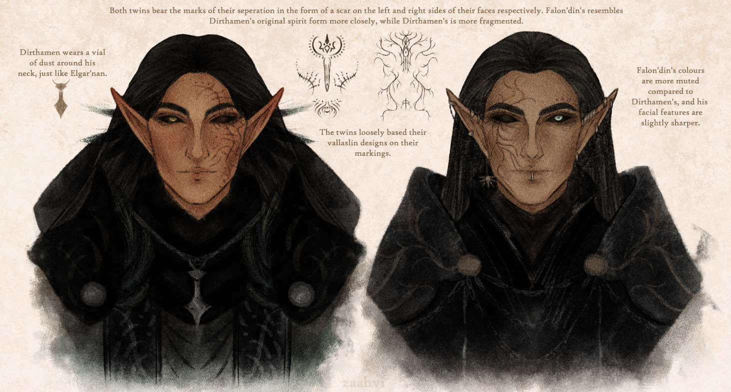 also, while i draw elgar'nan a lot, dirthamen is actually my fav evanuris. he is so fucking mysterious and weird and i need to look inside of his brain.some concepts for dirthamen and falon'din, two more evanuris from dragon age - i was a little disappointed by the lack of new evanuris info in veilguard so i started to make my own headcanons and designs of them. **for context (canon!):** these two were once one spirit that for some reason split into two parts, who took two different bodies and from then on were known as "twin souls". as far as we know dirthamen was a god of knowledge and secrets, and falon'din was a god of the dead who was also a bit of an asshole i guess. or rather a lot. **my headcanon:** dirthamen was once an archivist spirit (knowledge/guidance) who was asked by elgar'nan to join him in making a body. their spirit split because it was conflicted on whether it wanted to craft a body for itself. dirthamen remained with his original spirit intact; while falon'din, the part who wanted to remain a spirit, was twisted into despair. also, while i draw elgar'nan a lot, dirthamen is actually my fav evanuris. he is so fucking mysterious and weird and i need to look inside of his brain.0 Comments 0 Shares 25 Views -
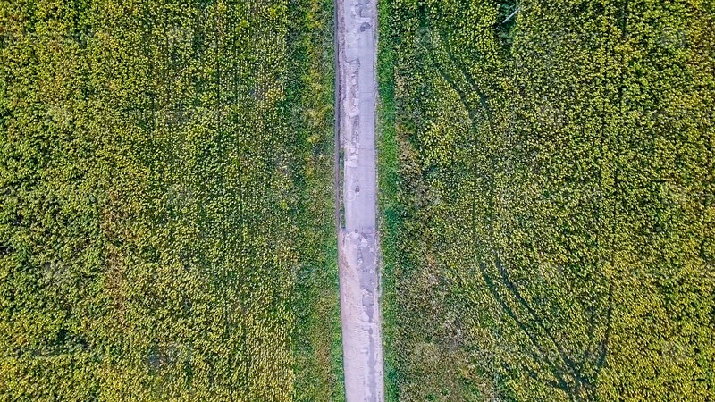 Полет над дорогой, проходящей через поля подсолнухов. Россия
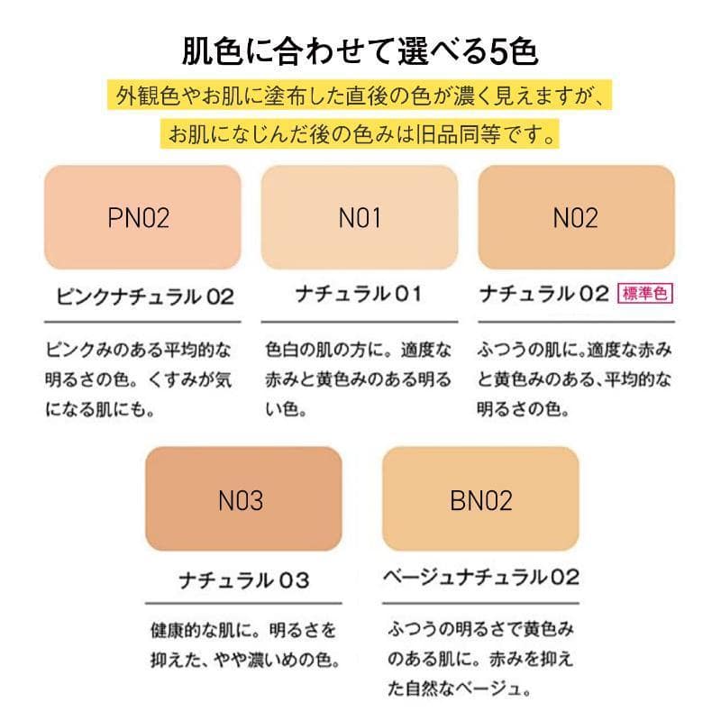 ※外観色やお肌に塗布した直後の色が濃く見えますが、お肌になじんだ後の色みは旧品同等です。
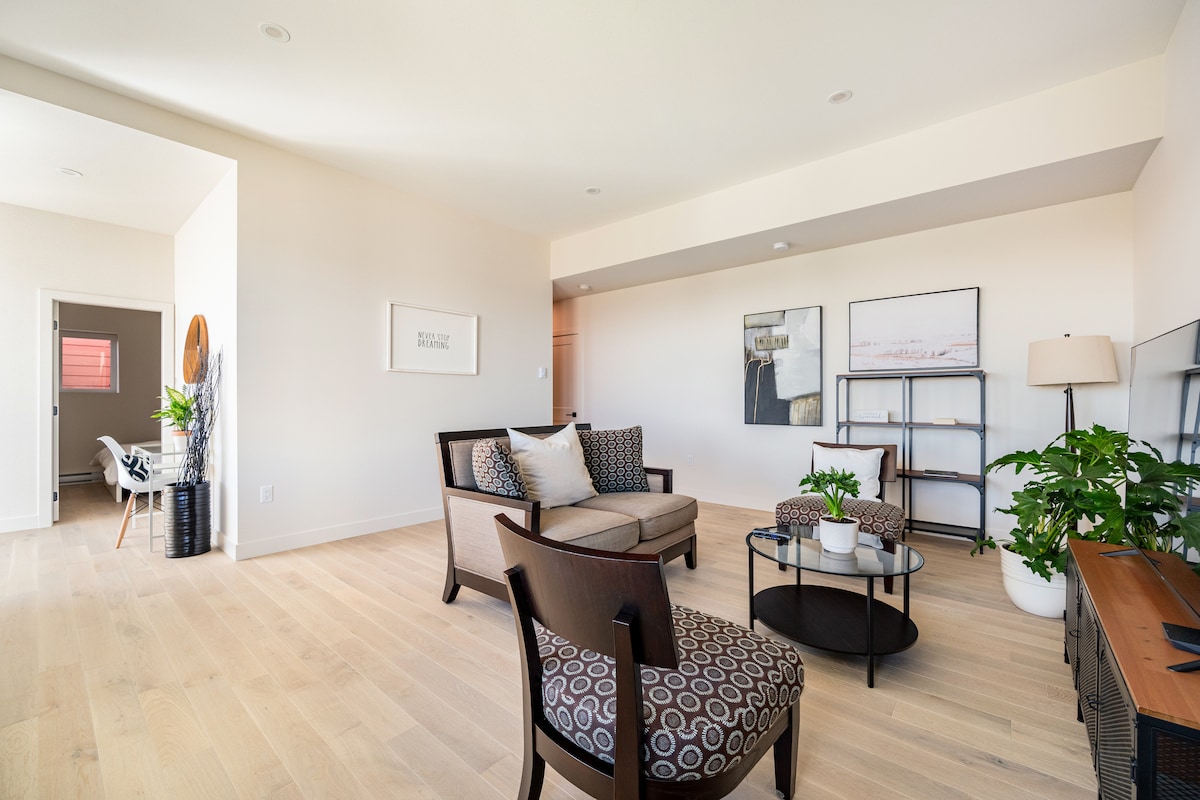 Is breá le haíonna ár dteach atá sa 5% is fearr: glan lonrach, dea-dheartha agus thar a bheith compordach. Svuít i stíl boutique le síleálacha arda, leaba rí sómasach agus compord níos fearr ná fanacht in óstán. Bain sult as seomra suí grianmhar, seomra níocháin en suite, Wi-Fi 1G, teilifíseán cliste 52" ar a bhfuil Netflix, caife agus tae saor in aisce, bealach isteach príobháideach agus páirceáil saor in aisce. Téamh teirmeastait agus fuar go nádúrtha sa samhradh. Siúil go dtí an t-iompar poiblí, páirceanna agus cosáin; turas gairid sa charr go dtí áiteanna siopadóireachta. Foirfe do lánúineacha, do theaghlaigh, do dhaoine atá ina n-aonar nó do thréimhsí fanachta gnó.
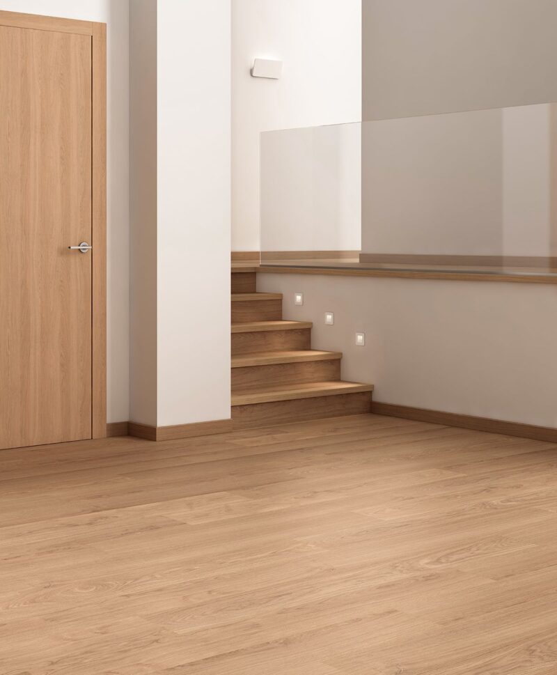 O pavimento flutuante laminado 25Y Quercus Oak evidencia a vocação intemporal do padrão de carvalho através de uma tonalidade subtil e de um detalhe minucioso com poros finos que reforçam a autenticidade visual da madeira. A textura mate intensifica a naturalidade do design e acentua a profundidade da superfície.
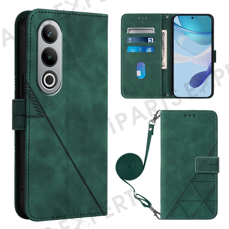 For OnePlus Nord CE4 5G Leather Case with Shoulder Strap Wallet Stand Phone Cover - Blackish Green
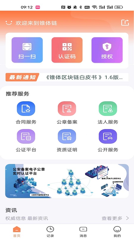当前版本是锥体链app可以进行个人认证,法人认证以及授权给管理员办事员权限进行办公处理,可以发起购买合同,发起合同,以及合同的签署和盖章。可以与好友进行通讯。
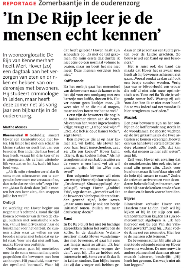 Het Haarlems Dagblad liep voor een reportage over zomerbaantjes een ochtendje mee met vakantiekracht Mert. Hij is naast student criminologie ook vakantiekracht bij Kennemerhart woonzorglocatie De Rijp.
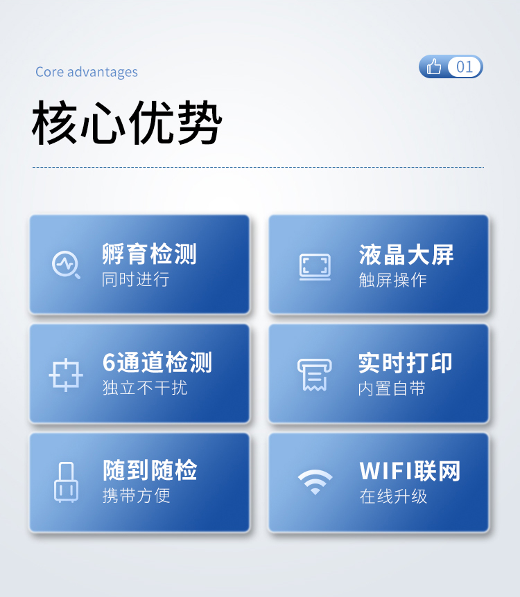 | 一體化設(shè)計(jì),集成孵育和檢測(cè)功能同時(shí)進(jìn)行,孵育完成直接檢測(cè); | 全中文 7英寸高清液晶顯示,觸摸屏操作; | Android 系統(tǒng),支持在線升級(jí),可WIFI聯(lián)網(wǎng); | 檢測(cè)原理:熒光定量免疫層析法; | 6通道設(shè)計(jì),可同時(shí)進(jìn)行一種或多種指標(biāo)的檢測(cè),6個(gè)獨(dú)立檢測(cè)單元,檢測(cè)效率高,并且互不干擾; | 具有二維碼自動(dòng)識(shí)別系統(tǒng),可直接識(shí)別檢測(cè)項(xiàng)目、檢測(cè)流程等信息; | 儀器自帶熱敏打印機(jī),檢測(cè)結(jié)果可實(shí)時(shí)打?。?/td> | 具有檢測(cè)數(shù)據(jù)存儲(chǔ)(存儲(chǔ)數(shù)量不少于 10000 條)、查詢、批量數(shù)據(jù)處理和打印功能; | 儀器≥2 個(gè)USB 接口,可拷貝結(jié)果及原始數(shù)據(jù),具有 wifi 接入模塊,可通過(guò)無(wú)線連接網(wǎng) 絡(luò)實(shí)現(xiàn)數(shù)據(jù)上傳; | 分鐘內(nèi)達(dá)到工作狀態(tài)(37℃),封閉系統(tǒng),不受外界環(huán)境(光、熱)干擾,工作環(huán)境溫度:0-30℃; | 真菌毒素和重金屬可同時(shí)進(jìn)行前處理,并同時(shí)上機(jī)檢測(cè); | 儀器配備全套前處理設(shè)備,拉桿箱設(shè)計(jì),即可用于實(shí)驗(yàn)室檢測(cè)可以外出攜帶檢測(cè) | 相對(duì)極差≤10%; | 重復(fù)性 CV≤1%; | 批間變異≤3%; | 尺寸310x210x93mm |
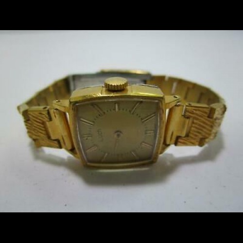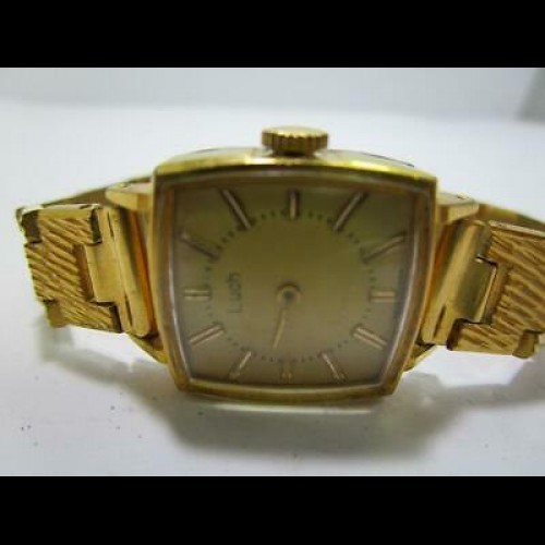 Voici une soviétique vintage Luch Or montre Pour les femmes qui remonte aux années 1960. Le tons d'or de l'ère soviétique montre présente un très intéressant et élégant montre cadran. Les marqueurs d'heure sont divisés en 4 pièces et créent un motif symétrique sur le cadran.
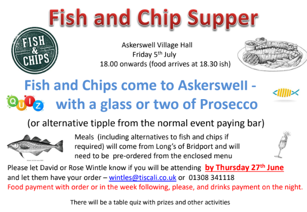 Please join us at the Village Hall on the 5th of July (from 6PM) for what threatens to be a classic Askerswell evening of fish, chips, pies, prosecco and pea fritters!!! and a bar… and a Quiz!!! Village life can’t get any better than this, can it?? Please see the flyer and menu attached – and let David and Rose know that you will be attending (by the 27th of June) and give them your order…
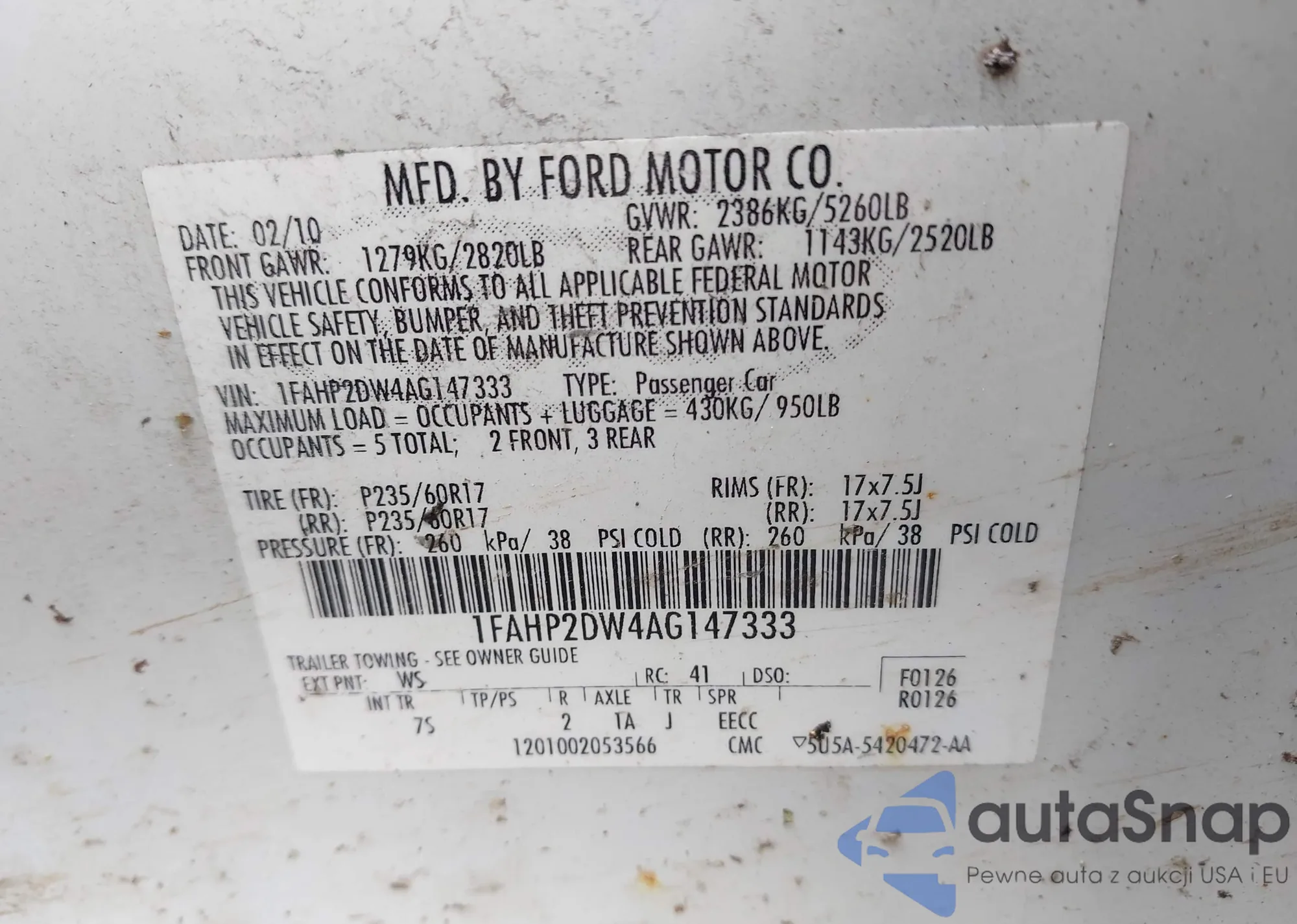 LOT: 42218183 VIN: 1FAHP2DW4AG147333
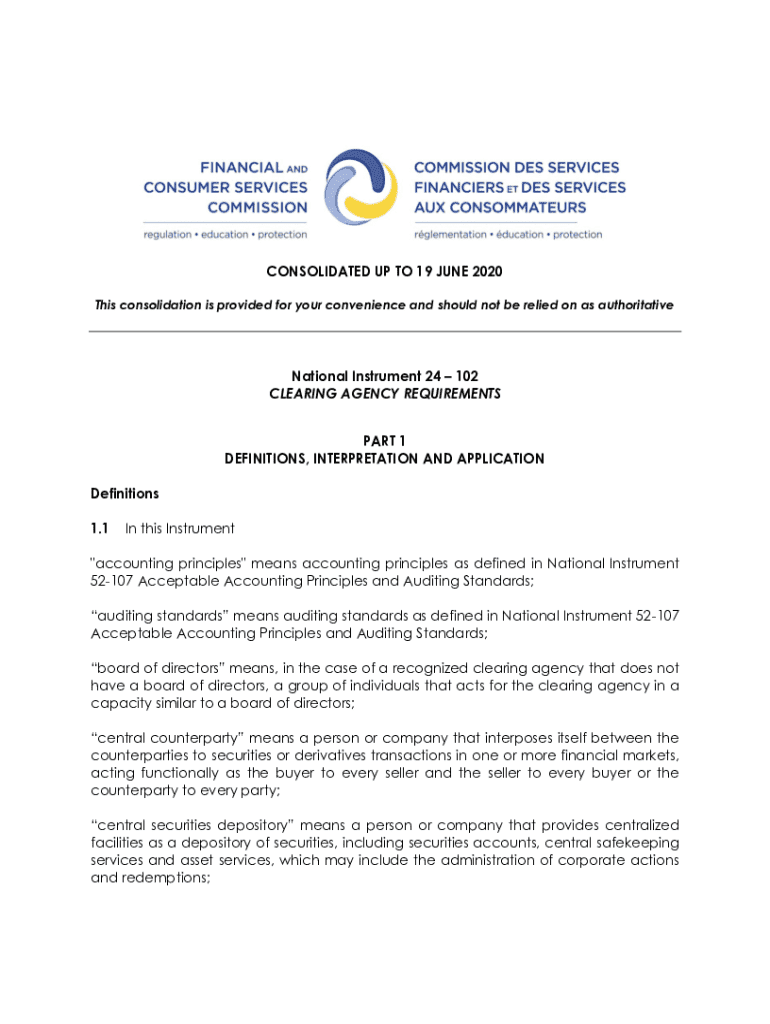 CONSOLIDATED UP TO 19 JUNE 2020 This consolidation is provided for your convenience and should not be relied on as authoritativeNational Instrument 24 102 CLEARING AGENCY REQUIREMENTS PART 1 DEFINITIONS,

| Task details |
Please copy the preceding records exactly and omit the images.

| Task output |
 also, while i draw elgar'nan a lot, dirthamen is actually my fav evanuris. he is so fucking mysterious and weird and i need to look inside of his brain.some concepts for dirthamen and falon'din, two more evanuris from dragon age - i was a little disappointed by the lack of new evanuris info in veilguard so i started to make my own headcanons and designs of them. **for context (canon!):** these two were once one spirit that for some reason split into two parts, who took two different bodies and from then on were known as "twin souls". as far as we know dirthamen was a god of knowledge and secrets, and falon'din was a god of the dead who was also a bit of an asshole i guess. or rather a lot. **my headcanon:** dirthamen was once an archivist spirit (knowledge/guidance) who was asked by elgar'nan to join him in making a body. their spirit split because it was conflicted on whether it wanted to craft a body for itself. dirthamen remained with his original spirit intact; while falon'din, the part who wanted to remain a spirit, was twisted into despair. also, while i draw elgar'nan a lot, dirthamen is actually my fav evanuris. he is so fucking mysterious and weird and i need to look inside of his brain.0 Comments 0 Shares 25 Views -
 Полет над дорогой, проходящей через поля подсолнухов. Россия
 ※外観色やお肌に塗布した直後の色が濃く見えますが、お肌になじんだ後の色みは旧品同等です。
 Is breá le haíonna ár dteach atá sa 5% is fearr: glan lonrach, dea-dheartha agus thar a bheith compordach. Svuít i stíl boutique le síleálacha arda, leaba rí sómasach agus compord níos fearr ná fanacht in óstán. Bain sult as seomra suí grianmhar, seomra níocháin en suite, Wi-Fi 1G, teilifíseán cliste 52" ar a bhfuil Netflix, caife agus tae saor in aisce, bealach isteach príobháideach agus páirceáil saor in aisce. Téamh teirmeastait agus fuar go nádúrtha sa samhradh. Siúil go dtí an t-iompar poiblí, páirceanna agus cosáin; turas gairid sa charr go dtí áiteanna siopadóireachta. Foirfe do lánúineacha, do theaghlaigh, do dhaoine atá ina n-aonar nó do thréimhsí fanachta gnó.
 O pavimento flutuante laminado 25Y Quercus Oak evidencia a vocação intemporal do padrão de carvalho através de uma tonalidade subtil e de um detalhe minucioso com poros finos que reforçam a autenticidade visual da madeira. A textura mate intensifica a naturalidade do design e acentua a profundidade da superfície.
 For OnePlus Nord CE4 5G Leather Case with Shoulder Strap Wallet Stand Phone Cover - Blackish Green
当前版本是锥体链app可以进行个人认证,法人认证以及授权给管理员办事员权限进行办公处理,可以发起购买合同,发起合同,以及合同的签署和盖章。可以与好友进行通讯。
 Het Haarlems Dagblad liep voor een reportage over zomerbaantjes een ochtendje mee met vakantiekracht Mert. Hij is naast student criminologie ook vakantiekracht bij Kennemerhart woonzorglocatie De Rijp.
 | 一體化設(shè)計(jì),集成孵育和檢測(cè)功能同時(shí)進(jìn)行,孵育完成直接檢測(cè); | 全中文 7英寸高清液晶顯示,觸摸屏操作; | Android 系統(tǒng),支持在線升級(jí),可WIFI聯(lián)網(wǎng); | 檢測(cè)原理:熒光定量免疫層析法; | 6通道設(shè)計(jì),可同時(shí)進(jìn)行一種或多種指標(biāo)的檢測(cè),6個(gè)獨(dú)立檢測(cè)單元,檢測(cè)效率高,并且互不干擾; | 具有二維碼自動(dòng)識(shí)別系統(tǒng),可直接識(shí)別檢測(cè)項(xiàng)目、檢測(cè)流程等信息; | 儀器自帶熱敏打印機(jī),檢測(cè)結(jié)果可實(shí)時(shí)打?。?/td> | 具有檢測(cè)數(shù)據(jù)存儲(chǔ)(存儲(chǔ)數(shù)量不少于 10000 條)、查詢、批量數(shù)據(jù)處理和打印功能; | 儀器≥2 個(gè)USB 接口,可拷貝結(jié)果及原始數(shù)據(jù),具有 wifi 接入模塊,可通過(guò)無(wú)線連接網(wǎng) 絡(luò)實(shí)現(xiàn)數(shù)據(jù)上傳; | 分鐘內(nèi)達(dá)到工作狀態(tài)(37℃),封閉系統(tǒng),不受外界環(huán)境(光、熱)干擾,工作環(huán)境溫度:0-30℃; | 真菌毒素和重金屬可同時(shí)進(jìn)行前處理,并同時(shí)上機(jī)檢測(cè); | 儀器配備全套前處理設(shè)備,拉桿箱設(shè)計(jì),即可用于實(shí)驗(yàn)室檢測(cè)可以外出攜帶檢測(cè) | 相對(duì)極差≤10%; | 重復(fù)性 CV≤1%; | 批間變異≤3%; | 尺寸310x210x93mm |
 Voici une soviétique vintage Luch Or montre Pour les femmes qui remonte aux années 1960. Le tons d'or de l'ère soviétique montre présente un très intéressant et élégant montre cadran. Les marqueurs d'heure sont divisés en 4 pièces et créent un motif symétrique sur le cadran.
 Please join us at the Village Hall on the 5th of July (from 6PM) for what threatens to be a classic Askerswell evening of fish, chips, pies, prosecco and pea fritters!!! and a bar… and a Quiz!!! Village life can’t get any better than this, can it?? Please see the flyer and menu attached – and let David and Rose know that you will be attending (by the 27th of June) and give them your order…
 LOT: 42218183 VIN: 1FAHP2DW4AG147333
 CONSOLIDATED UP TO 19 JUNE 2020 This consolidation is provided for your convenience and should not be relied on as authoritativeNational Instrument 24 102 CLEARING AGENCY REQUIREMENTS PART 1 DEFINITIONS,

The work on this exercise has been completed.